Quand votre main droite n'est pas d'accord avec votre main gauche...

Les comportements dits « diagonistiques » s’observent principalement chez les patients épileptiques dont a sectionné partiellement ou complètement le corps calleux, dans le cadre d’un traitement neurochirurgical pratiqué pour arrêter la diffusion de l’activité épileptique entre l’hémisphère gauche et l’hémisphère droit. En effet, le corps calleux est le « pont » qui relie les deux parties du cerveau et permet le passage de l’information d’un côté à l’autre. Or, le patient dont il est question ici n’a jamais été opéré du corps calleux, et pour cause, il n’en a pas !
Selon les auteurs de l’étude, A.M. constitue le premier cas de dyspraxie diagonistique chez un homme avec agénésie (absence de formation d’un organe lors de l’embryogenèse) complète du corps calleux. Cette anomalie peut n’entraîner aucun symptôme de déconnexion inter-hémisphérique dans la mesure où le cerveau peut développer des réseaux compensatoires par l’intermédiaire d’autres « ponts » entre les hémisphères, appelées « commissures ». Dans ce cas, les sujets peuvent ainsi présenter un bon fonctionnement cognitif de même qu’une adaptation normale sur les plans social, familial et professionnel. L’équipe du Professeur Olivier Felician, en association avec des neurologues de l’hôpital Henri-Gastaut (Marseille), ainsi que des chercheurs du CNRS du Centre de Résonance Magnétique Biologique et Médicale (CRMBM) et de l'Inserm de l'Institut de Neurosciences des Systèmes (Aix Marseille Université) ont suivi le cas de A.M. depuis 2011.
Ce jardinier municipal souffrait d’épilepsie du lobe temporal, relativement bien contrôlée depuis plus de vingt ans, grâce à un traitement antiépileptique. Mais en mars 2012, suite à une infection ORL, il présente des crises d’épilepsie à répétition qui vont endommager le transfert d’informations entre les deux hémisphères cérébraux. C’est un mois après, alors que les crises ont disparu, que le syndrome de dyspraxie diagonistique de la main droite va apparaître chez A.M., avec une série de comportements gênants, voire dangereux. Un jour, ce jardinier municipal se promène dans son quartier quand tout à coup sa main droite agrippe un poteau. Pendant plusieurs minutes, il reste bloqué à tourner autour ! Une autre fois, alors qu’il enfile son pantalon avec sa main gauche, sa main droite tente de l’abaisser ! Ou encore, ce moment où sa main droite lui fauche son portefeuille dans la poche arrière de son jean. S’en suit une lutte entre la main droite et la main gauche pour le récupérer ! Ces symptômes imprévisibles et incontrôlables vont durer deux ans.

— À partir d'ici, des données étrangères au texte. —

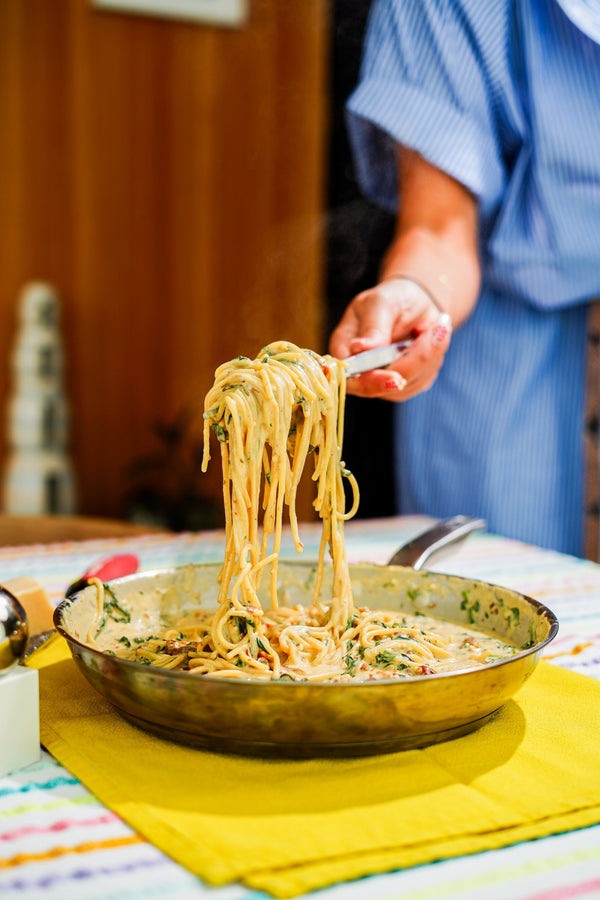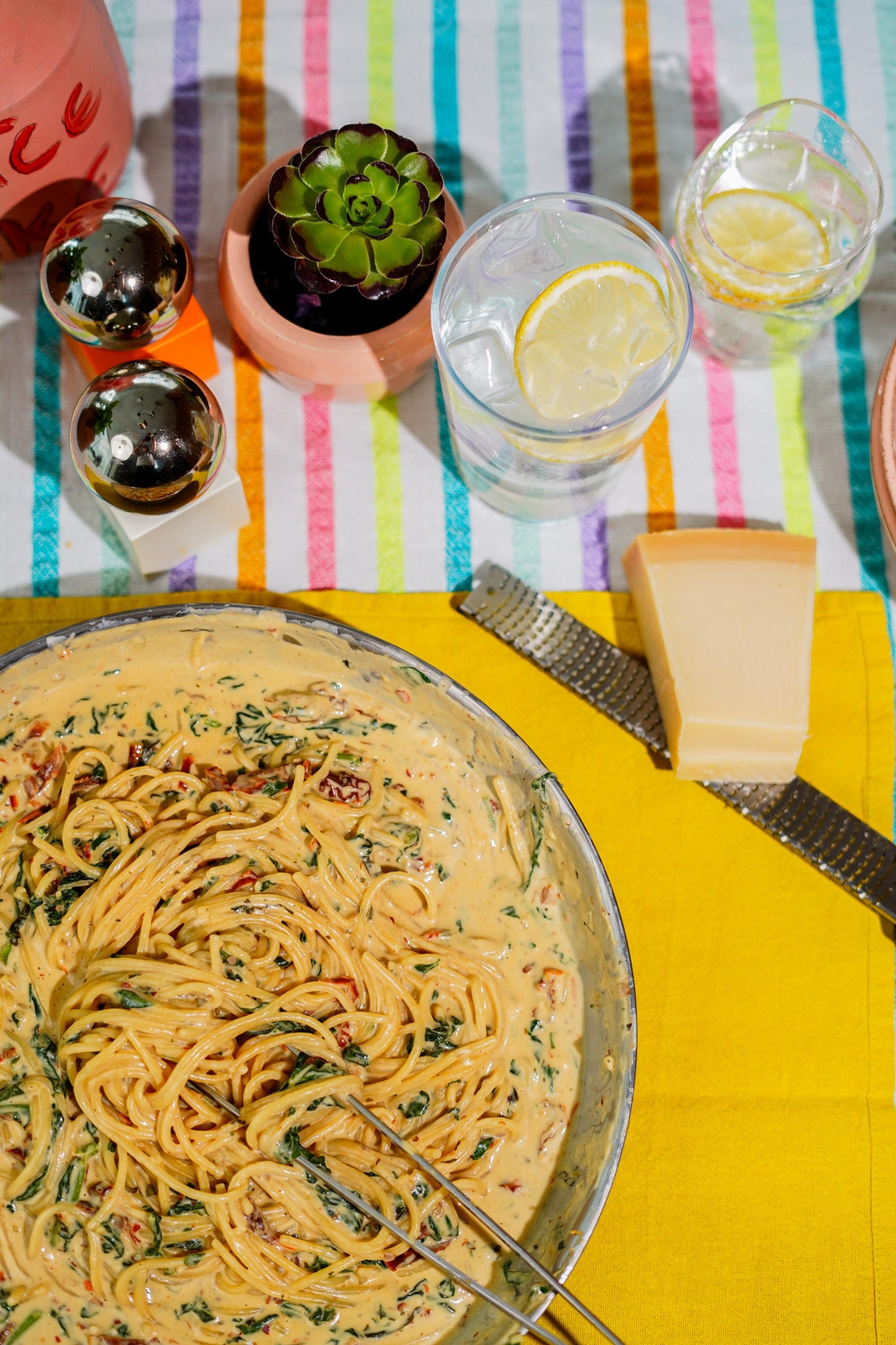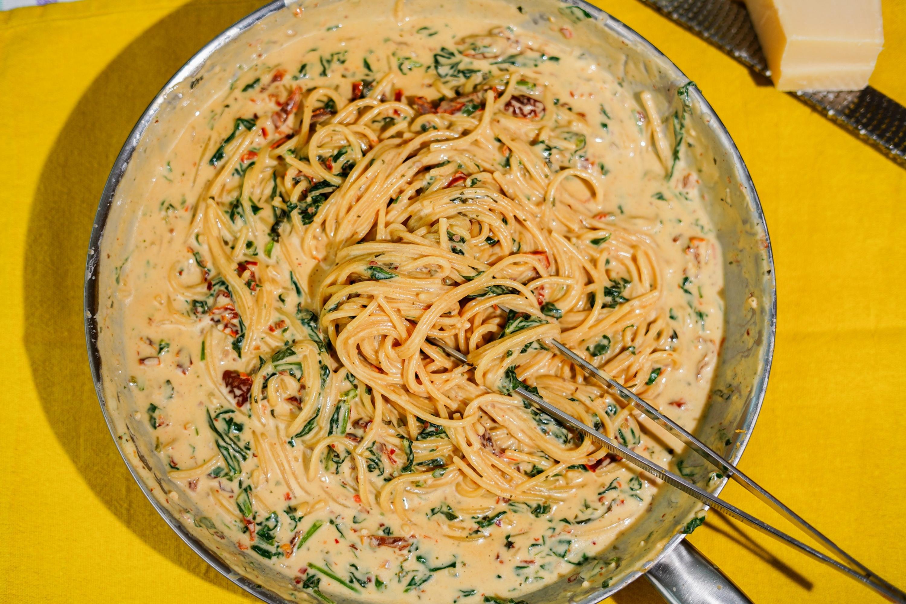 One pot pasta met zongedroogde tomaten, spinazie en roomkaas
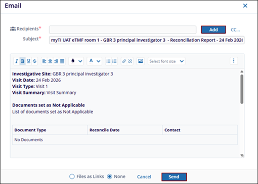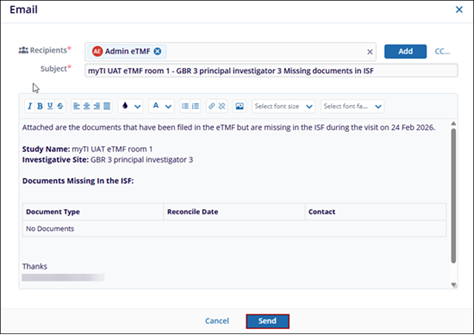 - Verify the documents within the email body and click Send.

Pendant cette période, l’équipe marseillaise a pratiqué des examens d’imagerie cérébrale pour comparer l’activité des réseaux neuronaux du patient avec 16 sujets sains. Les résultats ont révélé l’existence d’un dysfonctionnement des connexions entre les deux hémisphères, notamment au sein d’un réseau neuronal, le réseau de saillance, qui permet au cerveau de sélectionner les informations pertinentes de l’environnement interne ou externe en vue de réaliser une action. Dans l’incapacité de procéder à une sélection, A.M. éprouvait donc de grandes difficultés à inhiber certains comportements de préhension, ce qui explique que sa main droite pouvait se saisir d’objets de manière inopinée et ingérable.
Heureusement, les symptômes ont commencé à devenir occasionnels en septembre 2013 et ont totalement disparu au cours des 6 derniers mois précédant l’évaluation finale en septembre 2014. La main gauche de A.M. avait fini par faire la paix avec sa main droite.
Source : Ridley B, Beltramone M, Wirsich J, Le Troter A, Tramoni E, Aubert S, Achard S, Ranjeva JP, Guye M, Felician O. Alien Hand, Restless Brain : Salience Network and Interhemispheric Connectivity Disruption Parallel Emergence and Extinction of Diagonistic Dyspraxia, in Frontiers in Human Neuroscience, juin 2016.